Sherlock looked terribly uncertain, though that was probably enhanced by his dress.

"You… you really want that?"

"Life is very short, Sherlock. And when it's over, this is what I want us to have been."

So it went.


They finally managed it in a small cliffside village in Apulia, in the aftermath of a case involving the forgery of one of Italy's most expensive wines and its replacement by the rather rough reds of the region. The case was an excuse, obviously. Neither of them gave a damn about rich idiots being fooled, but it was an excellent opportunity to take a holiday.

The Watsons had wished to be in attendance, but they'd left it long enough that Mary's state made it inadvisable for her to travel, and indeed upon Sherlock and Molly's return to England, they were able to greet the very small, very perfect, very angry Rosamund Watson for the first time.
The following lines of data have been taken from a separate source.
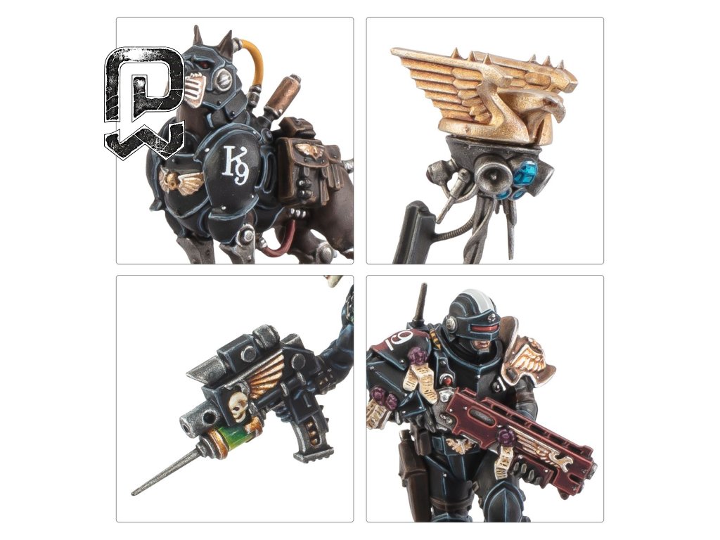 • Miniatury: Ministorum Priest s Vindictorem, Eversor Assassin, 6 Inquisitorial Agents (včetně Tome-skull), 20 Vigilant Squad s Cyber-mastiffy a Nuncio-aquilas.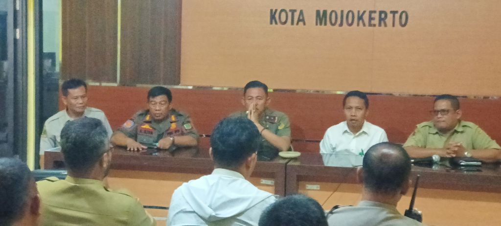 Rapat yang digelar di aula Kantor Satpol PP ini dipimpin Kasatpol PP Modjari dan dihadiri Kasi Intel Kejari Kota Mojokerto Joko Sutrisno, Kasi Pengendalian dan Penanganan Sengketa BPN Kota Mojokerto Tumisah, serta perwakilan dari Kodim, Polresta, Bagian Hukum, Kantor Kecamatan dan Kelurahan Kranggan.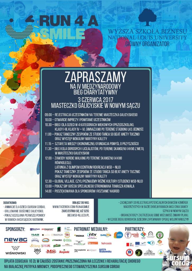 Studenci WSB-NLU serdecznie zapraszają mieszkańców Nowego Sącza i Sądecczyzny na Run 4 a Smile, czyli imprezę charytatywną, której głównym punktem jest IV Międzynarodowy Bieg Charytatywny po uśmiech Patryka Mrowcy. Wydarzenie odbędzie się 3 czerwca 2017r, w Miasteczku Galicyjskim. W tym roku, dodatkowo, w trakcie trwania imprezy będzie możliwość zarejestrowania się do bazy potencjalnych Dawców krwiotwórczych komórek macierzystych Fundacji DKMS, […]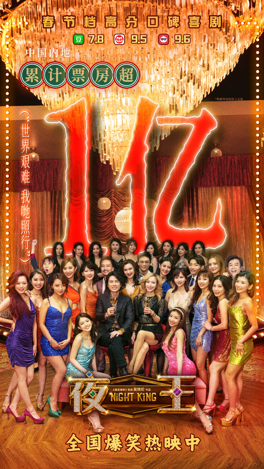 《夜王》以2012年的中国香港为布景,呈文东昼夜总会被收购后,司理欢哥(黄子华 饰)与前妻V姐(郑秀文 饰)被动相助,辅导女公关团队派遣家团操控危急的故事。影片导演和主要演员来自2023年香港贺岁笑剧爆款《毒舌讼师》原班底,看成春节唯独粤语笑剧,影片不仅聚焦“夜场”形描画色的东说念主物,也将常人物“笑过一天哭也过一天”的估客生活智谋发达得长篇大论。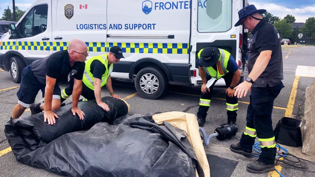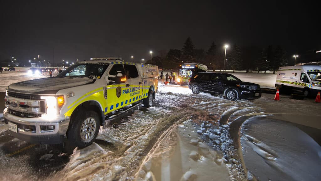 Frontenac Paramedic Services have a fleet of 19 ambulances (14 on duty at peak times), which are 23′ long, 100″ high, 112″ wide and weigh 13,000 lbs. loaded. Thirteen of them are in service at peak times. Most of our vehicles are equipped with ECO-Run monitoring systems in part to reduce carbon emissions.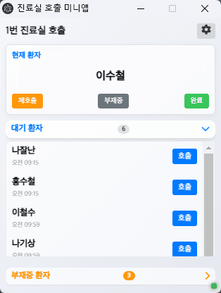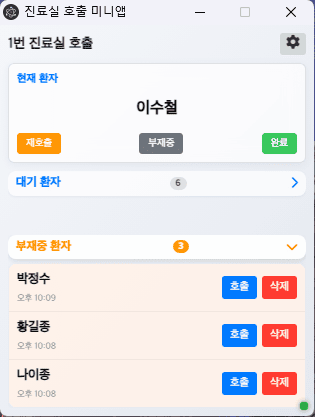 진료 호출 시스템의 미니앱 기능은 의사가 진료실에서 간편하게 환자를 호출할 수 있는 PC용 프로그램입니다. 작은 창(320x420px)으로 실행되며, 의사가 다른 작업을 하면서도 쉽게 환자 호출을 관리할 수 있습니다. 네트워크를 이용하여 실시간 연결을 통해 메인 서버와 연동되어 현재 진료중인 환자 정보와 대기 환자 목록을 실시간으로 확인할 수 있습니다.

The sindaco was an elderly man, who after performing the brief civil ceremony clasped their hands together in his gnarled ones, and said in a faint voice, "My children, this is the most beautiful day of your lives."

Which was appallingly sentimental but not, they had to admit, entirely false.

In the morning, Molly woke before Sherlock. Wrapping a sheet around herself, she walked out onto the balcony of their hotel to watch the sun rise over the strait of Otranto. After a while, she could hear her husband moving behind her, and she smiled.

A pair of strong arms wrapped around her, and a unshaven, bristling cheek rubbed against hers.

"Good morning, Doctor Holmes."

Molly laughed.

"Good morning, Mrs. Hooper."

Notes:

By 1896 women had been able to attend medical school in the UK, on a small scale, for about twenty years. Therefore I'm aware of my errata and did it anyway since this is all modern-day Sherlock's drug-induced hallucination and maybe he just didn't know that, okay? The beginning of the scene in which Sherlock acts as the angel of the annunciation to Mary is taken quite directly from the beginning of "The Man With the Twisted Lip," and some details of the Watson courtship are from "The Sign of Four," both by Sir Arthur Conan Doyle. In TAB the Watsons seem to be recently married but in Conan Doyle-verse they got hitched probably more like in 1889, and I have chosen that.